ACTIVITY | All pictures are to be omitted while the lines starting at the line with "Anciens moulin à" and ending at the line with "La Chambre à" in the material below are retyped exactly, both ends included.
── RECORDED INFORMATION ──
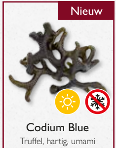
Codium Blue Truffel, hartig, umami
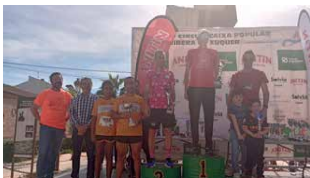
Pódium guanyador local Veterà B Masculino.
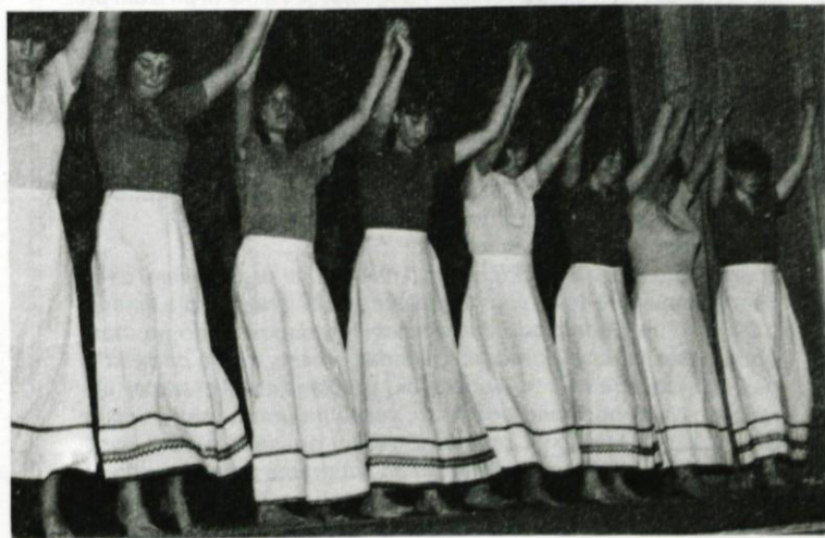
Skupina za izrazni ples je tudi sodelovala na proslavi
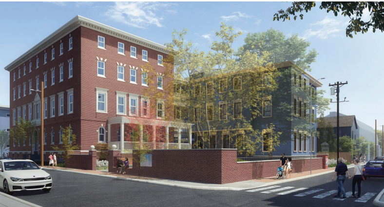
116 Norfolk Street. Y ap konstui 62 lojman sosyal pou lwe ki gen sèvis sipò sou plas pou rezidan ki gen revni fèb yo.

Cambridge ensiste sou entegrasyon epi Meri a ap travay nan tèt kole ansanm ak pwopriyete bilding ak responsab yo pou amelyore eksperyans rezidan lojman sosyal yo. Rezilta etid plizyè ane yo sou Eksperyans Rezidan yo nan kesyon Entegrasyon ak Prejije nan Lojman Sosyal yo pral gide aksyon Meri a ap pran pou kreye kominote ki plis djanm, epi ki plis soude.
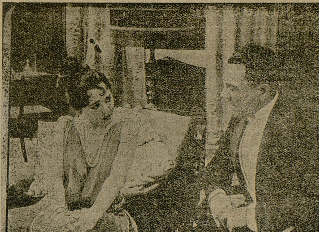
Interesante escena de la sin rival película EL BLANCO TRÁGICO

La Sociedad Kodak en París ha avisado recientemente a su clientela que cierta cantidad de película perforada, negativa y positiva, de su
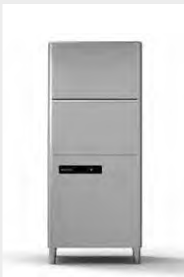
Mod. LP-57 EVO
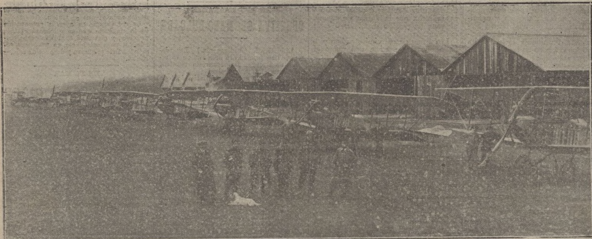
Escuadrilla de aeroplanos alemanes en un campo de aviación frente a Verdun.
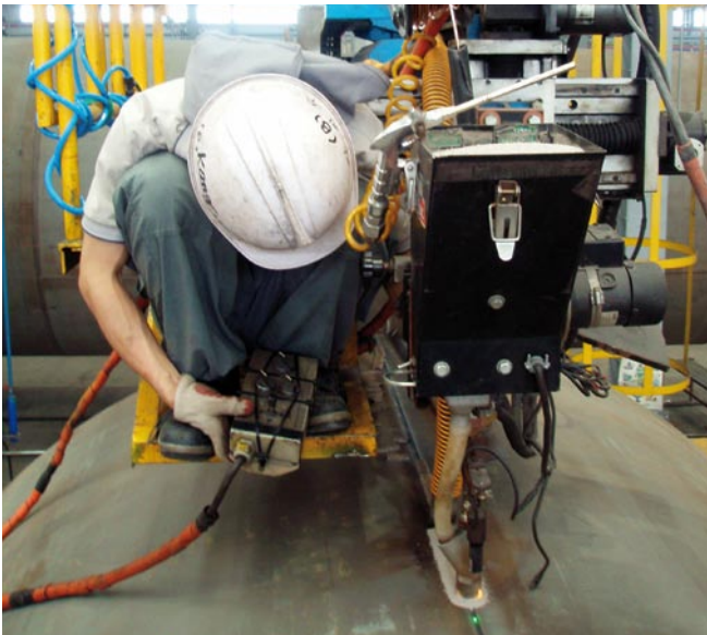
DIN 18800-7 – der Schlüssel zu Aufträgen, die komplexe Schweißarbeiten erfordern, wie z.B. das Lichtbogenschweißen von Stützpfälern von Windkraftanlagen
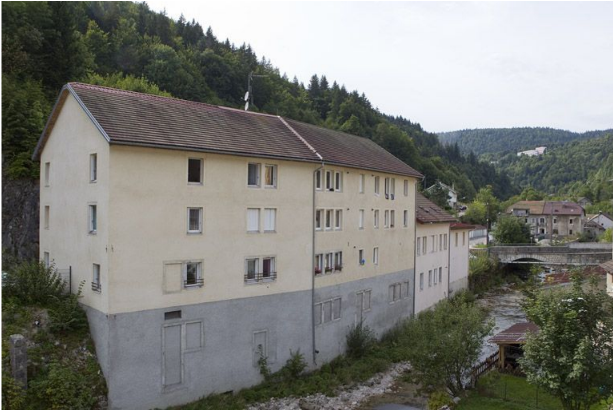
Anciens moulin à blé, usine de quincaillerie (clouterie) et scierie Emmanuel Girod (2 et 4 rue Pierre Morel).
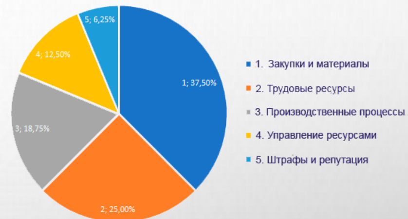
Структура необоснованных затрат
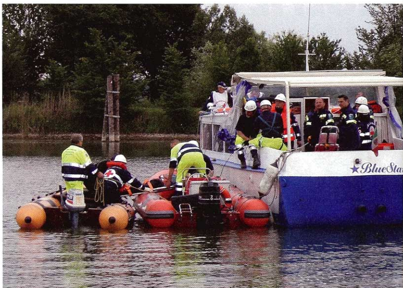
Trasbordo feriti da motonave

te il gruppo utilizza due furgoni, due fuoristrada, una Fiat 'Panda' 4x4, due gommoni (uno in chiglia rigida ed uno a chiglia piatta), tre roulotte più una attrezzata cucina, un gruppo elettrogeno da 10Kw con due torri-faro e due tende.
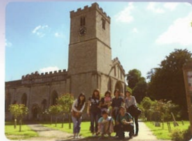
オックスフォード大学特別サマープログラム

協定校や海外の大学等と教育連携し、現地で2～3週間の大学生活を体験しながら世界に通用する英語能力の向上およびコミュニケーション能力の養成を目指します。参加者の語学習得状況に合わせて複数のプログラムが用意されています。英語能力に不安のある場合でも参加しやすいプログラムも用意されています。
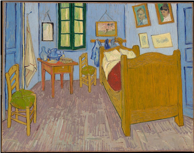
La Chambre à coucher [troisième version] (1889) – Vincent van Gogh

Vincent Van Gogh n'a pas connu une vie très heureuse. Son travail artistique n'a pas été reconnu de son vivant. Il a par ailleurs souvent vécu dans la solitude, et été rejeté par la plupart des gens, à l'exception de son frère Théo, qui le soutenait beaucoup. Ils ont d'ailleurs échangé de nombreuses lettres, dont environ 600 ont été publiées. Van Gogh souffrait également de problèmes de santé : il consommait beaucoup d'alcool et était traversé par des troubles mentaux importants, surtout dans les dernières années de sa vie. C'est lors d'une crise de délire et d'angoisse, après une dispute avec le peintre Paul Gauguin, qu'il s'est coupé l'oreille. Le 27 juillet 1890, Vincent van Gogh, alors âgé de 37 ans, est grièvement blessé d'une balle dans l'abdomen à Auvers-sur-Oise. Il meurt. Deux jours plus tard, il meurt, emportant avec lui le secret de ce coup fatal. L'histoire officielle rapporte que c'était un suicide.
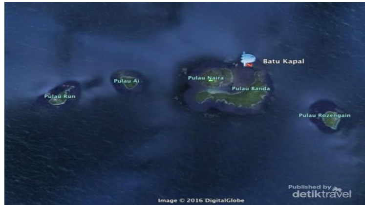
Gambar 3. Peta Lokasi Penelitian

Peta penelitian dapat dilihat pada gambar di bawah ini,
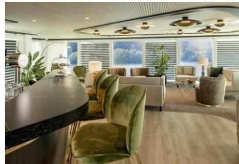
Amadeus Club 24 小時供應咖啡及茶
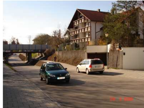
Bilder oben: Einfahrt von Osten
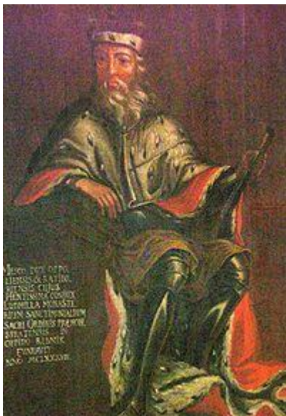
Mieszko I Płatonogi

Mieszko I Płatonogi (ur. 1131-1146 , zm. 16 maja 1211 ) – od 1163 formalny współrządca Śląska , od 1172 księżę raciborski , od 1201 opolski , od 1210 krakowski .
───
EXERCISE SOLUTION |
Anciens moulin à blé, usine de quincaillerie (clouterie) et scierie Emmanuel Girod (2 et 4 rue Pierre Morel).
Структура необоснованных затрат
Trasbordo feriti da motonave

te il gruppo utilizza due furgoni, due fuoristrada, una Fiat 'Panda' 4x4, due gommoni (uno in chiglia rigida ed uno a chiglia piatta), tre roulotte più una attrezzata cucina, un gruppo elettrogeno da 10Kw con due torri-faro e due tende.
オックスフォード大学特別サマープログラム

協定校や海外の大学等と教育連携し、現地で2～3週間の大学生活を体験しながら世界に通用する英語能力の向上およびコミュニケーション能力の養成を目指します。参加者の語学習得状況に合わせて複数のプログラムが用意されています。英語能力に不安のある場合でも参加しやすいプログラムも用意されています。
La Chambre à coucher [troisième version] (1889) – Vincent van Gogh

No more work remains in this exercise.